基于两阶段分解与综合相对重要性分析的可解释风速预测

Abstract Crucial decision support for the efficient scheduling and operation of wind farms is provided by accurate wind speed forecasting, thereby ensuring the smart power grid’s stable operation. However, the inherent volatility and non-stationarity of wind speed sequences represent a challenge to enhancing forecasting accuracy. Current research indicates a close correlation between wind speed and various meteorological factors ; effectively utilizing these meteorological data can significantly improve the precision of wind speed predictions. This study introduces a novel short-term multivariate interpretable method for predicting wind speeds, aimed at enhancing both the accuracy and the interpretability of the forecasts.
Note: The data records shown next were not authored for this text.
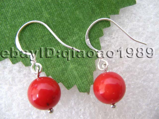 10 pairs 8mm round red coral dangle earring 925 silver
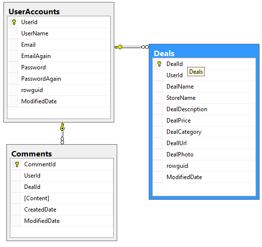 The database includes three main tables: User Account, deal, comment. They connected by foreign key constrains to prevent unexpected inputs. The database diagram is shown below:
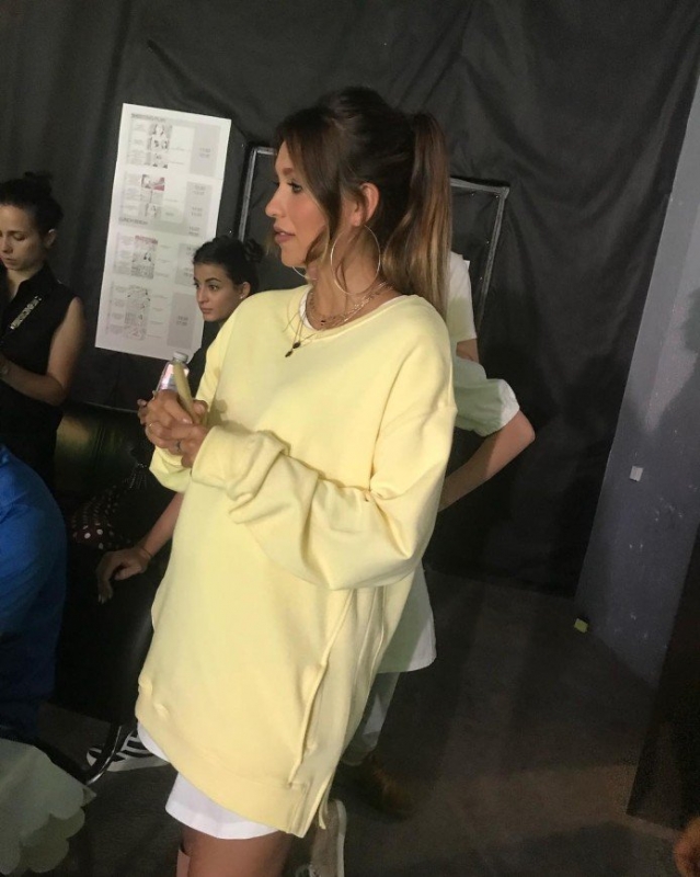 Красавица посетила студию радиостанции «Русское радио», где вместе с ведущей Аллой Довлатовой исполнила ритмичный танец. Регина предстала перед поклонниками с коротком черном платье с кардиганом и поясом. Несмотря на заметный живот, Тодоренко продемонстрировала резкие движения, которые некоторые зрители посчитали небезопасными для будущего малыша:
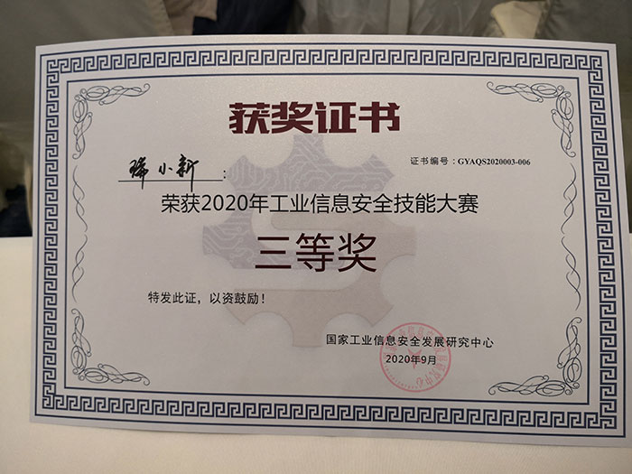 來自我司江蘇瑞新信息技術(shù)股份有限公司的“瑞小新”戰(zhàn)隊經(jīng)過全國復(fù)賽等多輪考驗,最終脫穎而出,以第六名的成績喜獲2020年工業(yè)信息安全技能大賽三等獎。
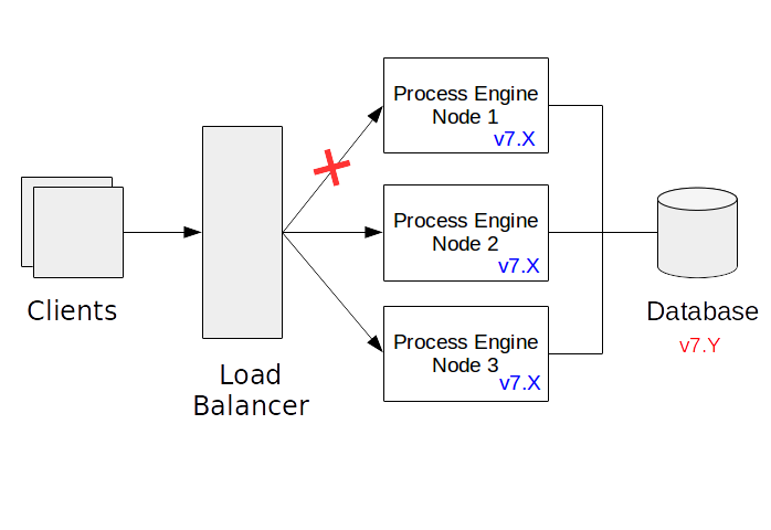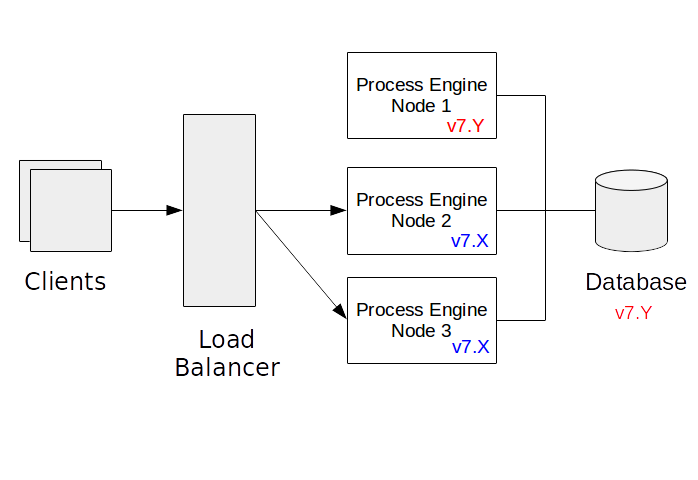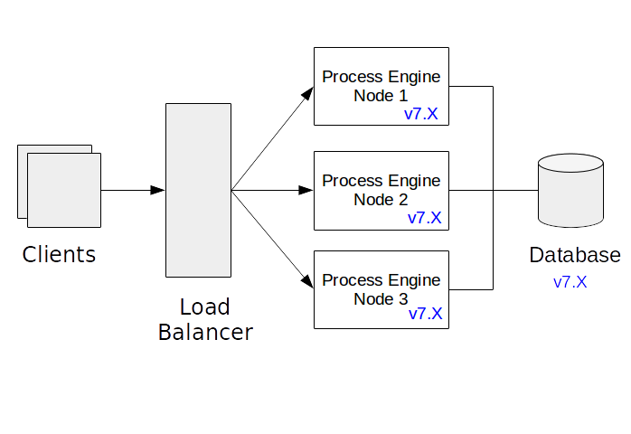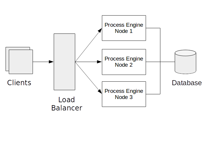 The above picture displays an example system. There are three process engine nodes connected to a shared database. A load balancer distributes requests to the Process Engine nodes. “Process Engine node” shall be an instance of an application or application server hosting a process engine. It must not necessarily be a separate physical host.
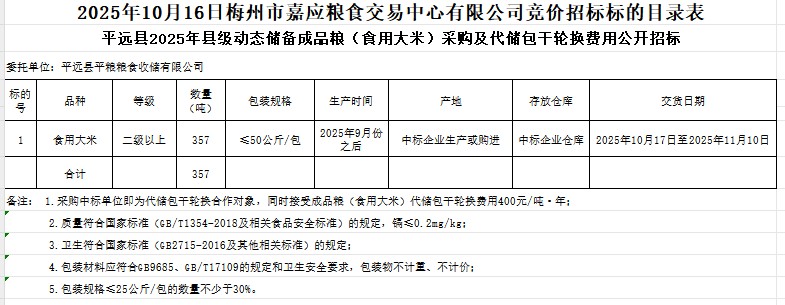 平遠縣2025年縣級動態儲備成品糧(食用大米)采購及代儲包干輪換費用公開招標公告

The proposed model integrates a two-stage decomposition process , comprehensive relative importance analysis (CRIA), a Newton–Raphson-based optimizer (NRBO), and interpretable deep learning model, temporal fusion transformers (TFT). The methodology begins with the multivariate variational mode decomposition (MVMD) of wind speed data and nine meteorological variables, resulting in multiple nonlinear subsequences . These subsequences are further decomposed into sub-modes using complete ensemble empirical mode decomposition with adaptive noise (CEEMDAN). A novel feature selection method based on CRIA is then employed to identify the most informative subsequences in order to reduce the computational complexity of the model, prevent overfitting, and enhance the model’s generalization ability. Subsequently, the NRBO algorithm is used to optimize the hyperparameters of TFT. Experimental results demonstrate that the MVMD-CEEMDAN-CRIA-NRBO-TFT model proposed in this paper possesses superior predictive accuracy compared to seventeen other benchmark forecasting models. Additionally, the interpretable outcomes of the model provide an enriched perspective of relevant data and analytical insights for decision-making processes.